Naturally, immutable collections require very different patterns and idioms than those which are mutable.  My ML code from above illustrates this to a very small degree, using a fold to traverse an immutable list.  As a general rule, immutable data structures are only useful when being passed around via method calls.  A common pattern is to build up a data structure recursively, creating a new instance with one more element at each invocation:

def toSet[T](list: List[T]) = {
  def traverse(list: List[T])(set: Set[T]): Set[T] = list match {
    case hd :: tail => traverse(tail)(set + hd)   // create a new Set, adding hd
    case Nil => set
  }
 
  traverse(list)(Set[T]())
}
 
val names = List("Daniel", "Chris", "Joseph", "Renee")
val nameSet = toSet(names)

At each recursive invocation of traverse, a new Set is created, based on the contents of the old one, set, but with one additional member, hd.  At the same time, we are deconstructing an immutable List, list, selecting its first element and whatever remains at each step.  Whenever you work with immutable data structures, you will see a lot of code which looks like this.
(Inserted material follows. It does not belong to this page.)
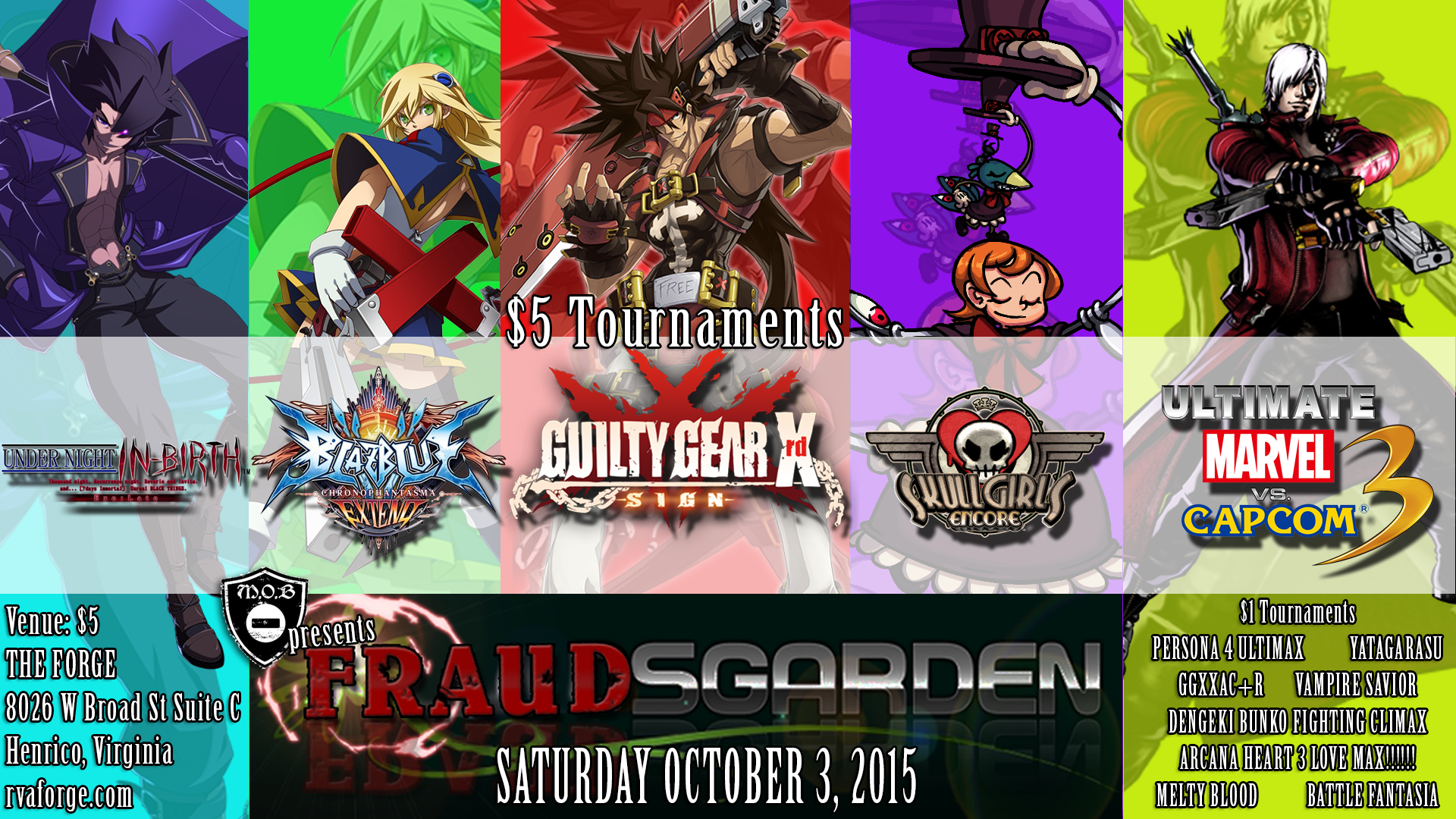 Team MOB presents-FRAUDSGARDEN-OCTOBER 3, SATURDAY2 weeks before CEOtaku!Check flyer for full list of games!!!----------THE FORGE8026 W Broad St Suite CHenrico, Virginia (basically Richmond) VENUE: $5-------------GAMES: All played on PS3 or PC except for Marvel$5 TOURNAMENTS(Double Elim, Top 3 Payout)GGXRD BBCPE UNIELSKULLGIRLSUMVC3 (XBOX360)$1 TOURNAMENTS(Double Elim, Winner Takes All) YATAGARASUPERSONA 4 ULTIMAXGGXXAC+RDENGEKI BUNKO FIGHTING CLIMAXVAMPIRE SAVIOR ARCANA HEART 3 LOVE MAXMELTY BLOODBATTLE FANTASIA----------https://www.facebook.com/events/1469267940042485/More details soon!! If you can provide setups and any game listed, please let us know! FOOD NEARBY: BON CHON, POPEYES, WAWA, MCDONALDS + A MILLION RESTAURANTS ON BROAD ST.

Of course, the natural question which comes to mind is, what about performance?  If each invocation actually creates a brand new Set for every recursive call, doesn’t that require a lot of inefficient object copying and heap operations?  Well, as it turns out, this isn’t really the case.  Yes, a new instance must be created at each turn, which is is a comparatively expensive operation on the JVM, but almost nothing is being copied.  All of Scala’s immutable data structures have a property known as persistence, which means that you don’t copy the data out of the old container when creating a new, you just have the new reference the old and treat all of its contents as if they were its own.  A linked list is a good example of this, since each node of a list contains exactly one element, as well as a reference to another node.  If we think of each node as a representative of a list starting with itself and traversing to the end, then list suddenly becomes a fully persistent data structure (since the new list contains a sub-list in its entirety and additive operations require no data copying).  Rich Hickey, the creator of Clojure (a Lisp dialect running on the JVM), has an excellent presentation which explains some of the hows and whys behind this technique (as well as some other interesting topics).  Chapter 19 of Programming in Scala (Odersky, Spoon & Venners) also has a good example of a persistent immutable queue.

Conclusion

I happen to like immutable data, so most of this series uses the scala.collection.immutable package.  However, there are certainly situations where mutable data structures are the only way to go, either because of system requirements or for performance reasons.  Fortunately, Scala’s mutable collections have an almost identical interface to its immutable collections.  Thus, most of the in formation presented here is applicable to both branches of the library.

Now that we have laid a basic foundation regarding the fundamentals of Scala’s collections framework, we can move onto more interesting things.  The next installment will deal with fold and map, the bread and butter of every collection.